Cui Wenju, Yan Caiying, Yan Zhuangzhi, Peng Yunsong, Leng Yilin, Liu Chenlu, Chen Shuangqing, Jiang Xi, Zheng Jian, Yang Xiaodong
Institute of Biomedical Engineering, School of Communication and Information Engineering, Shanghai University, Shanghai, China.
Medical Imaging Department, Suzhou Institute of Biomedical Engineering and Technology, Chinese Academy of Sciences, Suzhou, China.
Front Neurosci. 2022 Feb 24;16:831533. doi: 10.3389/fnins.2022.831533. eCollection 2022.
18F-fluorodeoxyglucose (FDG)-positron emission tomography (PET) reveals altered brain metabolism in individuals with mild cognitive impairment (MCI) and Alzheimer's disease (AD). Some biomarkers derived from FDG-PET by computer-aided-diagnosis (CAD) technologies have been proved that they can accurately diagnosis normal control (NC), MCI, and AD. However, existing FDG-PET-based researches are still insufficient for the identification of early MCI (EMCI) and late MCI (LMCI). Compared with methods based other modalities, current methods with FDG-PET are also inadequate in using the inter-region-based features for the diagnosis of early AD. Moreover, considering the variability in different individuals, some hard samples which are very similar with both two classes limit the classification performance. To tackle these problems, in this paper, we propose a novel bilinear pooling and metric learning network (BMNet), which can extract the inter-region representation features and distinguish hard samples by constructing the embedding space.

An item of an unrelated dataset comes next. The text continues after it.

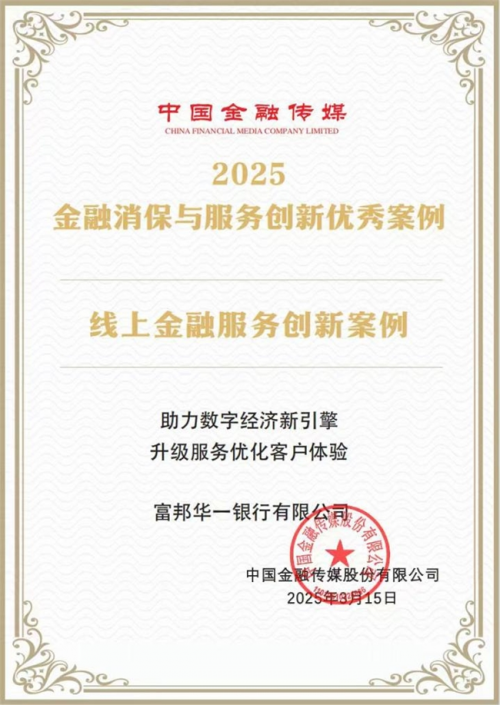 喜訊!富邦華一銀行數(shù)字人民幣項(xiàng)目建設(shè)榮膺“線上金融服務(wù)創(chuàng)新案例”

To validate the proposed method, we collect 898 FDG-PET images from Alzheimer's disease neuroimaging initiative (ADNI) including 263 normal control (NC) patients, 290 EMCI patients, 147 LMCI patients, and 198 AD patients. Following the common preprocessing steps, 90 features are extracted from each FDG-PET image according to the automatic anatomical landmark (AAL) template and then sent into the proposed network. Extensive fivefold cross-validation experiments are performed for multiple two-class classifications. Experiments show that most metrics are improved after adding the bilinear pooling module and metric losses to the Baseline model respectively. Specifically, in the classification task between EMCI and LMCI, the specificity improves 6.38% after adding the triple metric loss, and the negative predictive value (NPV) improves 3.45% after using the bilinear pooling module. In addition, the accuracy of classification between EMCI and LMCI achieves 79.64% using imbalanced FDG-PET images, which illustrates that the proposed method yields a state-of-the-art result of the classification accuracy between EMCI and LMCI based on PET images.
18F-氟脱氧葡萄糖(FDG)正电子发射断层扫描(PET)显示,轻度认知障碍(MCI)和阿尔茨海默病(AD)患者的大脑代谢发生改变。一些通过计算机辅助诊断(CAD)技术从FDG-PET得出的生物标志物已被证明能够准确诊断正常对照(NC)、MCI和AD。然而,现有的基于FDG-PET的研究在识别早期MCI(EMCI)和晚期MCI(LMCI)方面仍不充分。与基于其他模态的方法相比,当前基于FDG-PET的方法在利用基于区域间的特征来诊断早期AD方面也存在不足。此外,考虑到不同个体之间的变异性,一些与两类都非常相似的困难样本限制了分类性能。为了解决这些问题,在本文中,我们提出了一种新颖的双线性池化和度量学习网络(BMNet),它可以提取区域间的表征特征,并通过构建嵌入空间来区分困难样本。为了验证所提出的方法,我们从阿尔茨海默病神经影像学倡议(ADNI)收集了898张FDG-PET图像,包括263名正常对照(NC)患者、290名EMCI患者、147名LMCI患者和198名AD患者。按照常见的预处理步骤,根据自动解剖标记(AAL)模板从每张FDG-PET图像中提取90个特征,然后将其送入所提出的网络。对多个两类分类进行了广泛的五折交叉验证实验。实验表明,分别向基线模型添加双线性池化模块和度量损失后,大多数指标都得到了改善。具体而言,在EMCI和LMCI之间的分类任务中,添加三重度量损失后特异性提高了6.38%,使用双线性池化模块后阴性预测值(NPV)提高了3.45%。此外,使用不平衡的FDG-PET图像时,EMCI和LMCI之间的分类准确率达到了79.64%,这表明所提出的方法在基于PET图像的EMCI和LMCI之间的分类准确率方面产生了领先的结果。